Did you know ... Search Documentation:
Pack logtalk -- logtalk-3.100.1/docs/handbook/_sources/libraries/gsp_pattern_miner.rst.txt

.. _library_gsp_pattern_miner:

gsp_pattern_miner

GSP sequential pattern miner for sequence datasets. The library depends on the sequential_pattern_mining_protocols support library, implements the generic pattern_miner_protocol defined in the pattern_mining_protocols core library, and mines frequent sequential patterns using prefix-indexed candidate joins, pruning candidates whose immediate subpatterns are not all frequent, and counting singleton and candidate supports in batched horizontal dataset scans.

Requires a dataset implementing sequence_dataset_protocol with sequences represented as ordered lists of canonical sorted itemsets over a declared item domain.

API documentation

Open the `../../apis/library_index.html#gsp_pattern_miner <../../apis/library_index.html#gsp_pattern_miner>`__ link in a web browser.

Loading

To load this library, load the loader.lgt file:

::

| ?- logtalk_load(gsp_pattern_miner(loader)).

Testing

To test this library predicates, load the tester.lgt file:

::

| ?- logtalk_load(gsp_pattern_miner(tester)).

Features

  • Level-Wise Mining: Builds longer frequent sequences by extending the current frequent level.
  • Join-Based Candidates: Generates candidate sequences by joining compatible frequent patterns from the previous level.
  • Support-Pruned Candidates: Prunes candidates whose immediate subpatterns are not all frequent.
  • Batched Horizontal Support Counting: Counts singleton and candidate supports using horizontal scans over the sequence database at each level.
  • Canonical Sequences: Validates that itemsets are sorted, duplicate-free, non-empty, and restricted to declared items.
  • Flexible Support Thresholds: Supports relative minimum support and absolute minimum support count.
  • Model Export: Mined pattern collections can be exported as predicate clauses or written to a file.

Options

The mine/3 predicate accepts the following options:

  • minimum_support/1: Relative minimum support threshold in the interval ]0.0, 1.0]. The default is 0.5.
  • minimum_support_count/1: Absolute minimum support count. When both support options are provided, this option takes precedence.
  • maximum_pattern_length/1: Maximum total number of items in a mined sequential pattern. The default is 1000, effectively capped by the longest sequence in the dataset.
  • minimum_pattern_length/1: Minimum total number of items retained in the mined result. The default is 1.

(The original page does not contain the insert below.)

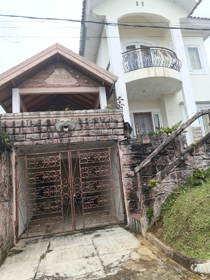 An upward-angled view captures the front facade of "VILLA DAKIRA," a multi-story, light-colored residence in Pô Kô, Vietnam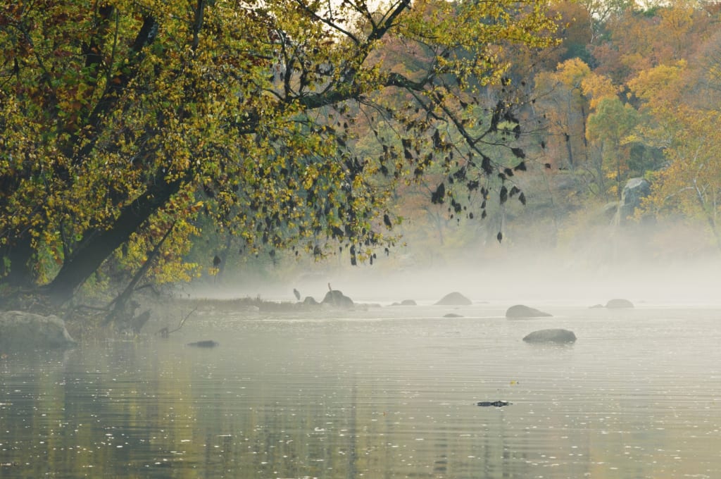Alsoomse was already tired of the day’s work, and the mist hadn’t yet lifted from the cool, quiet waters of Aquia Creek. As all the Patawomeck women and young boys did each morning, she had risen early and prepared for another day of tending the tribe’s nets. It wasn’t the most arduous task that the elders and the Dictates had laid down but neither was it the least. After a winding trudge through the Silver Maple trees that grew so thick on the banks of the Potomac river, she had shucked out of her patchwork of skins and salvaged old-world cloth and slid down into the icy waters of the creek. Since then she had spent her time half-wading, half-swimming between the tall catch-poles, checking their nets. They stood like thin, boughless, aquatic trees, marking where each net was set and anchoring its possible contents. Now, shivering and with numb fingers, she rested, lay back on the relative dry of the bank, and looked up as the sun began to flicker through the lighter patches of mist. She watched as a samara, disturbed by a squirrel or a gust of wind floated down spinning a drunken jig towards the creek.

Pattern miner representation

The mined pattern miner result is represented by a compound term with the functor chosen by the implementation and arity 3. For example:

::

gsp_pattern_miner(ItemDomain, Patterns, Options)

Where:

  • ItemDomain: Canonical sorted list of declared dataset items.
  • Patterns: List of sequence_pattern(Pattern, SupportCount) terms ordered first by total item count and then lexicographically.
  • Options: Effective mining options used to mine the frequent sequential patterns.

References

  1. Srikant, R. and Agrawal, R. (1996) - "Mining sequential patterns: Generalizations and performance improvements".